Product

From pilots to products: how organisations can modernise without blowing everything up

By Mark House

23rd mar 2026

Every exam body I talk to feels the same squeeze. Governments want innovation. Schools want recognition for richer work. Generative AI is crashing into the system from all sides. And yet, when results day comes, the only thing that really matters is whether the grades stand up in the media and in court.

With RM Compare, we’ve learned that there is a slower, safer and ultimately more powerful path: build a human‑centred judgement infrastructure first, then let AI work around it. The way to get there isn’t through one huge transformation programme. It’s through a series of deliberately small, well‑designed steps: Pilot → Prototype → Product.

Step 1: Pilot – learn fast, touch lightly

A pilot is where we both get to ask, “Is this even a good idea for your context?”—without anyone pretending it’s already business as usual.

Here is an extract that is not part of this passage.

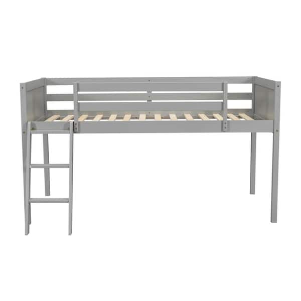 Twin Size Wood Low Loft Bed with Ladder, Ladder can be Placed on the Left or Right, Gray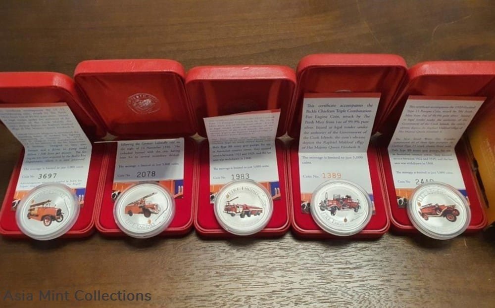 2006 Fire Engines of the World $1 Fine Silver 1 oz Coin x 5 coin sets

That might mean taking a single component—say, a coursework project or a practical—and running a comparative judgement session alongside the existing marking approach. We’re not trying to re‑engineer their entire system. We’re trying to learn.

In a good pilot, questions are more important than features. Do judges reach more stable decisions when they compare work instead of scoring it? Do standards become easier to articulate and share? Does this give the exam body a story they could explain to teachers, unions and the public?

Technically, the rule is simple: use the platform as it is. We rely on the existing 💻|Studio, 🔗|Hub and 📳|Live tools, and the APIs we’ve already committed to. If we hit a limitation, we don’t hack around it for just one customer; we capture it as product feedback. The pilot earns the right to influence the roadmap, not to fork it.

Step 2: Prototype – prove a pattern, not a one‑off

If a pilot shows promise, the next question is: can this become a repeatable part of how you work?

That’s where the prototype comes in. Here we’re not just asking “does ACJ work on this component?” but “is there a pattern we can use again and again across your portfolio?”

The prototype might take the same comparative judgement workflow and apply it to several components across different subjects. Or it might explore how standards created in RM Compare flow into existing on‑screen marking systems, so that examiner training and monitoring are anchored in real student work. Or it might be a full exam‑series AI validation study, where we check an automated marker against a human judgement standard.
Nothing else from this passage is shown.